§ DATASET EXTRACT
■ ■ ■ ■ ■ ■ ■

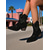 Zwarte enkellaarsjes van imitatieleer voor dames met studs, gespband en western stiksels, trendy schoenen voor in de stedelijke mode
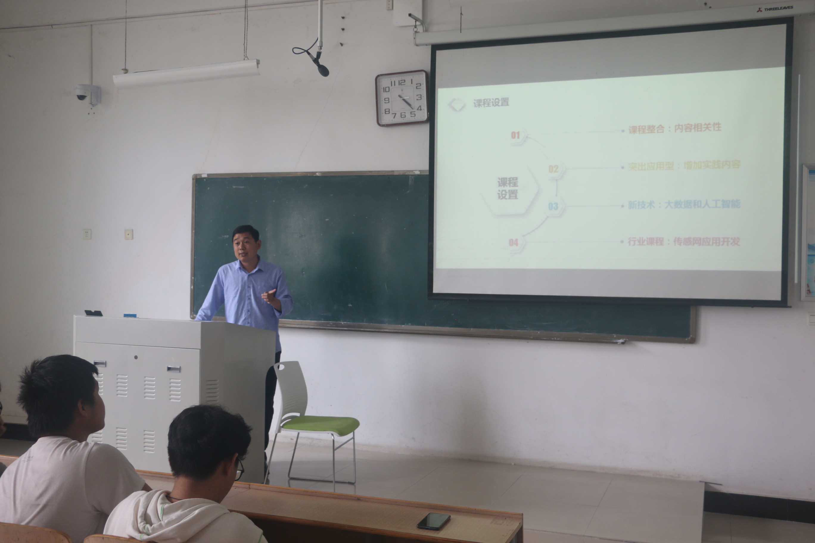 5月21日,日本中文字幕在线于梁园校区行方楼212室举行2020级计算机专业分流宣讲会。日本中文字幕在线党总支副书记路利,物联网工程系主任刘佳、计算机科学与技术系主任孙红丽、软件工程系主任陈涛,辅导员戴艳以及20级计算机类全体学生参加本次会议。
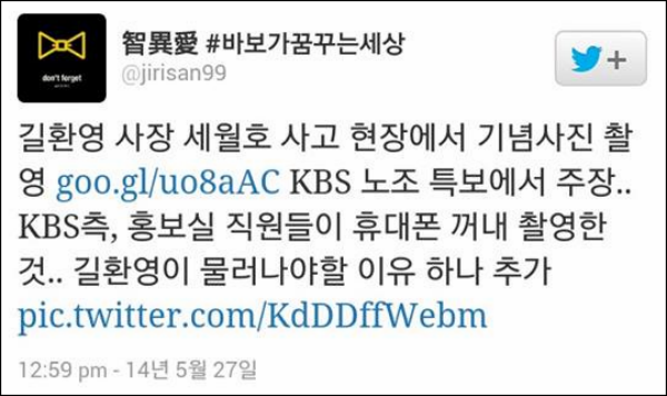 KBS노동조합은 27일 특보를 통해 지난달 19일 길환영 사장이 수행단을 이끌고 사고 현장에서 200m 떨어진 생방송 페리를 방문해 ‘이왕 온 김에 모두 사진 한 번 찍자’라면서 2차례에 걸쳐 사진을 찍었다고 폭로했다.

■ ■ ■ ■ ■ ■ ■

§ THE TASK
Give back the full listing exactly, with pictures dropped.

§ SOLUTION
 Zwarte enkellaarsjes van imitatieleer voor dames met studs, gespband en western stiksels, trendy schoenen voor in de stedelijke mode
 5月21日,日本中文字幕在线于梁园校区行方楼212室举行2020级计算机专业分流宣讲会。日本中文字幕在线党总支副书记路利,物联网工程系主任刘佳、计算机科学与技术系主任孙红丽、软件工程系主任陈涛,辅导员戴艳以及20级计算机类全体学生参加本次会议。
 KBS노동조합은 27일 특보를 통해 지난달 19일 길환영 사장이 수행단을 이끌고 사고 현장에서 200m 떨어진 생방송 페리를 방문해 ‘이왕 온 김에 모두 사진 한 번 찍자’라면서 2차례에 걸쳐 사진을 찍었다고 폭로했다.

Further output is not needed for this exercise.